In my grandfathers last days, he began telling us around him some of his memories from his time in the European Theater, he was a frontline NCO in the Army--he had never spoken about it before according to my Grandmother and aunt. We believe he was asking the lord to forgive him for the sins in his life. We also believe he wanted his family to know how he became the man he was. My Grams said he was a very different man when he came back at the end of WW2.

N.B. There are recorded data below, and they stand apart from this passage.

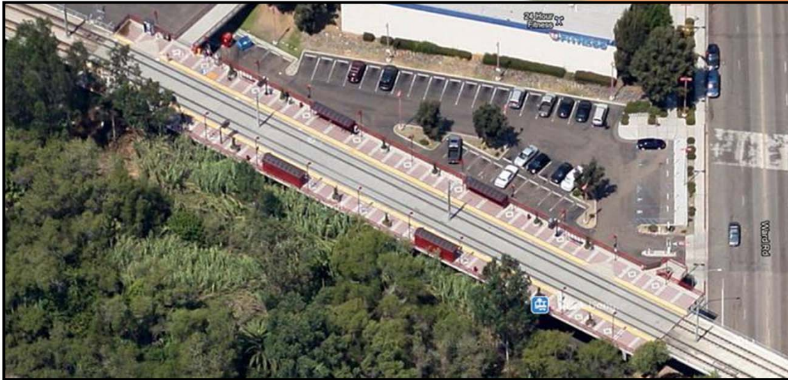
Side Loading Platform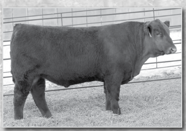
LRL PACIFIC E115 ET Sells as Lot 45.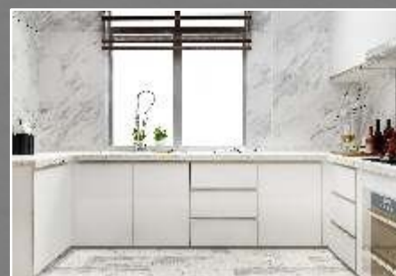
Modular Kitchen Trolley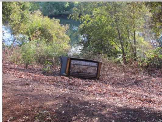
Looking east at garbage (sofa) on waterward slope.

He had some pretty horrifying stories, but the one which had us all in complete shock was when he described some of the things they did to get information for captured enemy. He said they would take them in groups of four or five, and line them up according to rank. Then starting at the lowest rank, ask them questions, if that first soldier, who likely didn't know squat, hesitated or didn't/couldn't answer, they would execute him right there and move to the next in line. He said that usually, the ranking soldier would start blurting out answers, right then, but sometimes would hold out till the 2nd was killed. He said that was the worst thing he ever had to do in his life, and that he's seen those faces in his dreams ever since.
He also said participated in hunting down Nazi officers and party officials for a few months after, and said they ended up executing some of them as well.
Heh, I had to look back, didn’t realize this was an older thread...
This, to me, is one of the most odious aspects of human warfare, and one of the saddest.
I have heard it said that in war, the people who are most affected by it mentally are people who have a degree of sensitivity. I forget where I read it (Possibly “With the Old Breed at Peleliu and Okinawa”) but he said that less sensitive people weathered the terrible things they had to do with less mental trauma and seemed to skate through it, and people who had a degree of sensitivity were more vulnerable to emotional trauma, which makes a lot of sense to me.
My heart goes out to good men who have had to do things in war to survive (such as shooting prisoners, because there was no way to process them in the middle of a battle and they couldn’t let them go) and they live with that the rest of their lives. Or men who became so unsensitized in the middle of it all that they stopped feeling anything about human life or individuals they fought against, then when they are released from it and the war ends, they come back to reality and they suffer with it.
Good men who suffer because of it. It breaks my heart.
It is one of the reasons I try so hard to reserve judgement on soldiers in warfare unless it is clearly a heinous or sadistic act.
Many men came back from WWII as changed men. My dad was on a destroyer out in the Pacific near the end of the war, and for the rest of his life, he wouldn’t go into water deeper than his knees. We used to joke about it, but after he passed, I wondered if he had seen something that gave him that aversion to swimming. I know that he knew how to swim, but he never even went into the swimming pool he had built, beyond getting his legs wet.
Thank you for your post. It made me contemplate this kind of thing.